Synthetic Training Data Configuration
Field Description
options.DataModeSynthetic Set to 1 to use synthetic training data in the simulation
options.SyntheticData_S Sets the synthetic data sparsity level
options.SyntheticData_noiseLevel Sets the synthetic data noise level
options.SyntheticData_flatCoeff Set to 1 to use data with flat coefficients
options.SyntheticData_fixedCoeffDecay Set to 1 to use data with a fixed coefficient decay
options.SyntheticData_dynamicRange Sets the synthetic data dynamic range in dB
options.SyntheticData_origDicoRandom Set to 1 to use the random dictionary for generating the synthetic data
options.SyntheticData_origDicoDiracDCT Set to 1 to use the Dirac+DCT dictionary for generating the synthetic data
options.SyntheticData_origDicoDiracHadamard Set to 1 to use the Dirac+Hadamard dictionary for generating the synthetic data

The the audio training data configuration is described in the next table.
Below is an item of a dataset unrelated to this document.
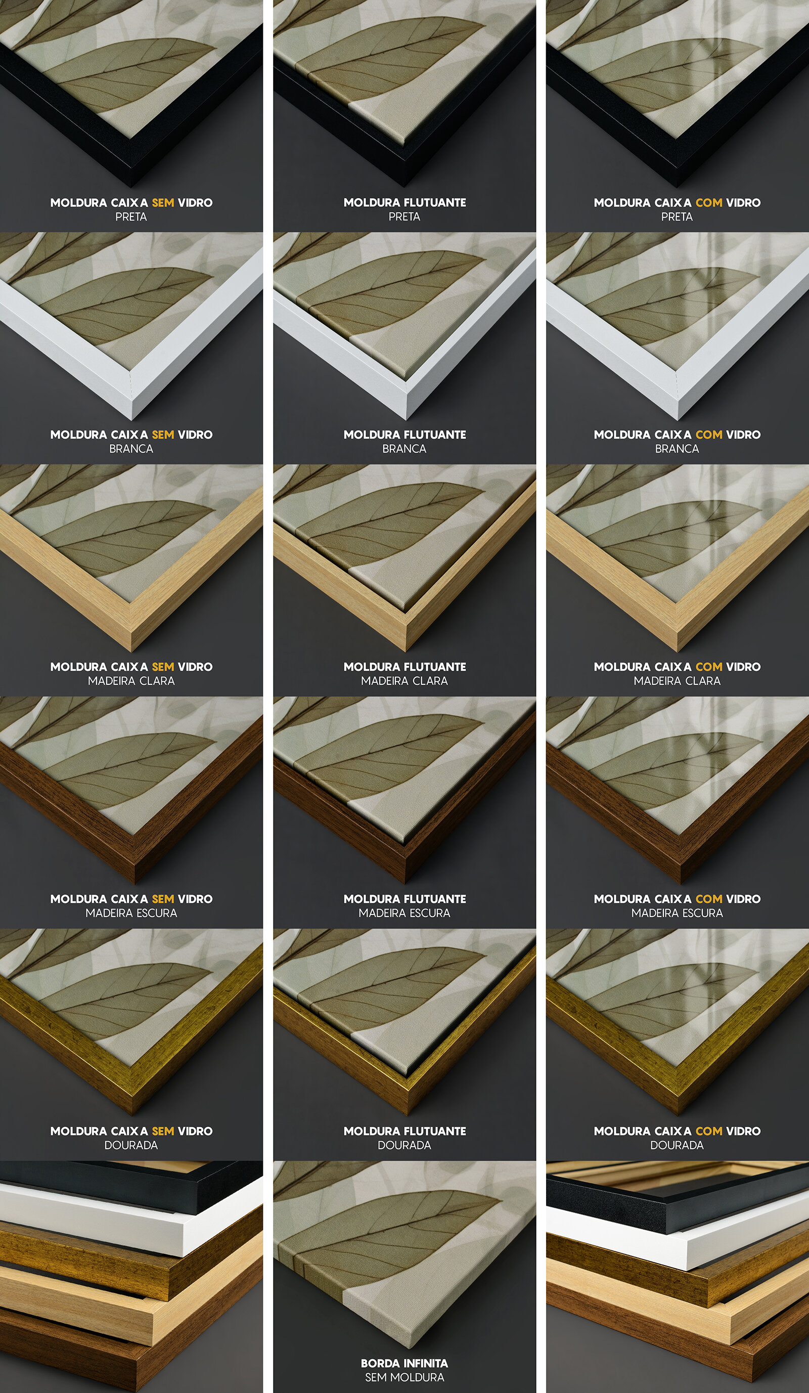 Você pode optar por quadro com ou sem vidro. Sem vidro, usa-se a moldura flutuante; com vidro, usa-se a moldura caixa.

Here we can set the training data sparsity level $S$ and the audio file path. As we partition the audio file in smaller blocks (frames), we can also set the size of the audio frames and the amount of overlap of one frame to the next.

Audio Training Data Configuration
Field Description
options.DataModeAudio Set to 1 to use audio training data in the simulation
options.AudioData_S Set the audio data sparsity level
options.AudioData_frameLengthInSeconds Set the audio data frame length in seconds
options.AudioData_frameOffsetInSeconds Set the frame offset duration in seconds
options.AudioData_fileName Set the location of the audio training file

Lastly, in the following table we describe the struct fields for configuring the dictionary initialization for the IcTKM algorithm.

Dictionary Initialization Configuration
Field Description
options.DicoInit_random Set to 1 to use a random input dictionary
options.DicoInit_oracle Set to 1 to use the generating dictionary as the input dictionary

References

[1]
F. Teixeira and K. Schnass, "Compressed Dictionary Learning," arXiv 1805.00692, May, 2018.